The order book for Machine building customer sector was at the beginning of April 16% higher than at the same time in the previous year. Componenta's sales to machine building industry are expected to rise during 2015.
The order book for Agricultural machinery customer sector was at the beginning of April 19% lower than at the same time in the previous year. Due to worldwide crop prospects and reciprocal economic sanctions by EU and Russia, the prices of the agricultural products in Europe have clearly decreased. Due to these reasons the demand is expected to further decrease in 2015. Componenta's sales to manufacturers of agricultural machinery are expected to decline from previous year.

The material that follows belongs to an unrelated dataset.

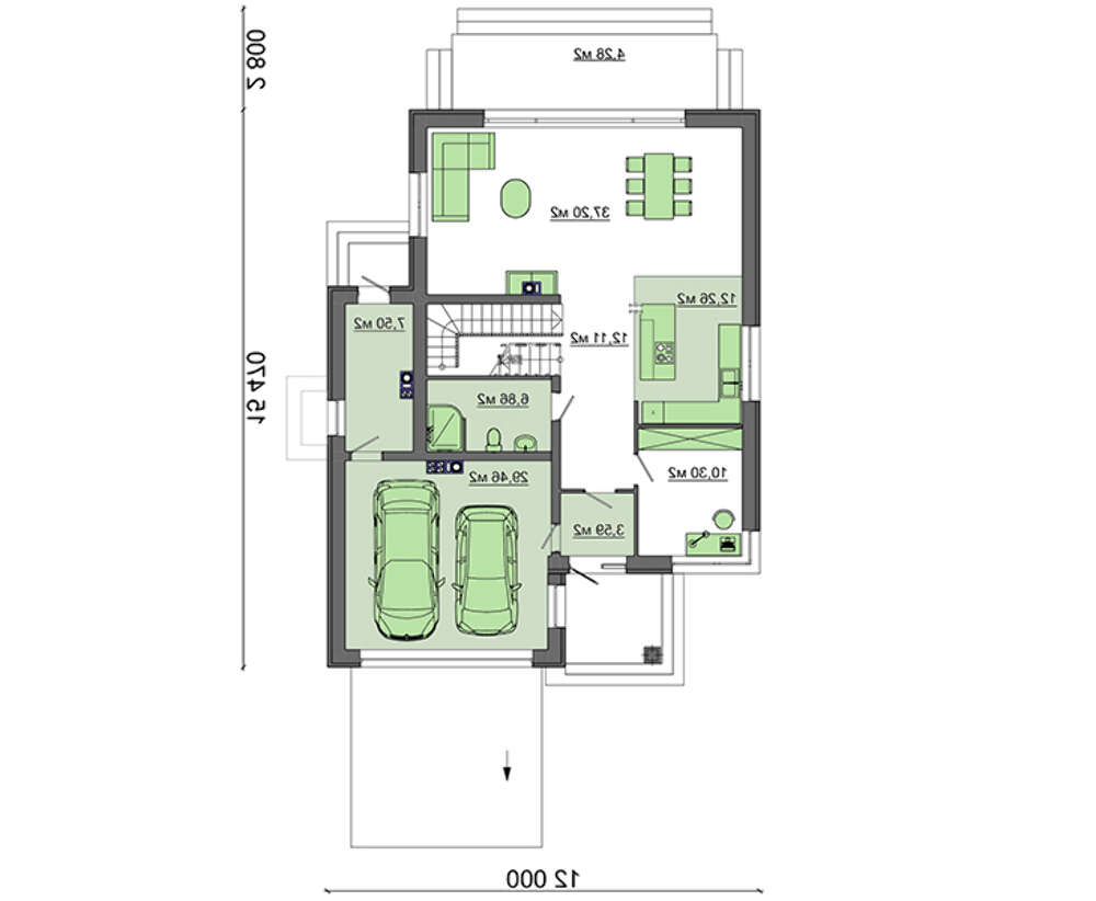 проект в зеркальном отображении позволит органично вписать дом в окружающий ландшафт.

The order book for Automotive customer sector was at the beginning of April 23% higher than at the same time in the previous year. Demand in 2015 is estimated to improve from the previous year. Also Componenta's sales to automotive industry are expected to increase from the previous year.
Componenta's earnings guidance for 2015 unchanged
The prospects for Componenta in 2015 are based on general external economic indicators, delivery forecasts given by customers, and on Componenta's order intake and order book.
Componenta's order book at the beginning of April stood at MEUR 92 (MEUR 91). Componenta expects the 2015 operating profit excluding one-time items and exchange rate differences of operative balance sheet items to improve from the previous year, as a result of the efficiency improvement program being carried out.
Helsinki, 27 April 2015
COMPONENTA CORPORATION
Board of Directors
COMPONENTA CORPORATION INTERIM REPORT
Q1 2015
Interim report tables
Basis of preparation
This unaudited interim financial statements for 31 March 2015 have been prepared in accordance with IAS 34, 'Interim financial reporting' standard. Componentsa has applied the same accounting principles in this interim report as in the consolidated financial statements for 2014, which were drawn up in accordance with International Financial Reporting Standards as adopted by the EU. As from the start of the fiscal year, the company has also applied certain new or revised IFRS standards as described in the 2014 Financial Statements.
Related party transactions
During the January - March 2015 period review period there were no sales to associated companies and purchases from associated companies totalled EUR 0.0 (0.2) million.
Financial risk management
The financial risks relating to Componenta Group's business operations are managed in accordance with the Group Treasury Policy approved by the Componenta Board of Directors. Applied Financial Risk management is described on more detailed level in the 2014 Financial Statements.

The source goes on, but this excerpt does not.